A cyclical pattern of dengue cases was observed with annual peaks coinciding with the intermonsoon period. Our analysis reveals that maximum temperature, mean temperature, rainfall, and wind speed have a significant nonlinear effect on dengue cases in Kelantan. Our model can explain approximately 8.2% of dengue incidence variabilities.

Weather variables affect nearly 10% of the dengue incidences in Northeast Malaysia, thereby making it a relevant variable to be included in a dengue early warning system. Interventions such as vector control activities targeting the intermonsoon period are recommended.

Dengue, a vector-borne viral illness, shows worldwide widening spatial distribution beyond its point of origination, namely, the tropical belt. The persistent hyperendemicity in Malaysia has resulted in the formation of the dengue early warning system. However, weather variables are yet to be fully utilized for prevention and control activities, particularly in east-coast peninsular Malaysia where limited studies have been conducted. We aim to provide a time-based estimate of possible dengue incidence increase following weather-related changes, thereby highlighting potential dengue outbreaks.

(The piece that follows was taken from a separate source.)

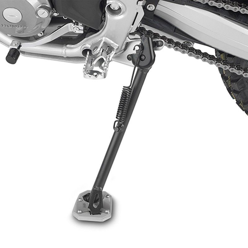 Extensión de caballete para Honda CRF 300L 2021, fabricada en acero inoxidable y metal resistente. Diseño robusto con base cuadrada y resorte para mayor estabilidad y seguridad al estacionar. Ideal para motociclistas que buscan una solución confiable y duradera. Compatible con modelos específicos, mejora la comodidad y previene daños en el suelo o

All serologically confirmed dengue patients in Kelantan, a northeastern state in Malaysia, registered in the eDengue system with an onset of disease from January 2016 to December 2018, were included in the study with the exclusion of duplicate entry. Using a generalized additive model, climate data collected from the Kota Bharu weather station (latitude 6°10'N, longitude 102°18'E) was analysed with dengue data.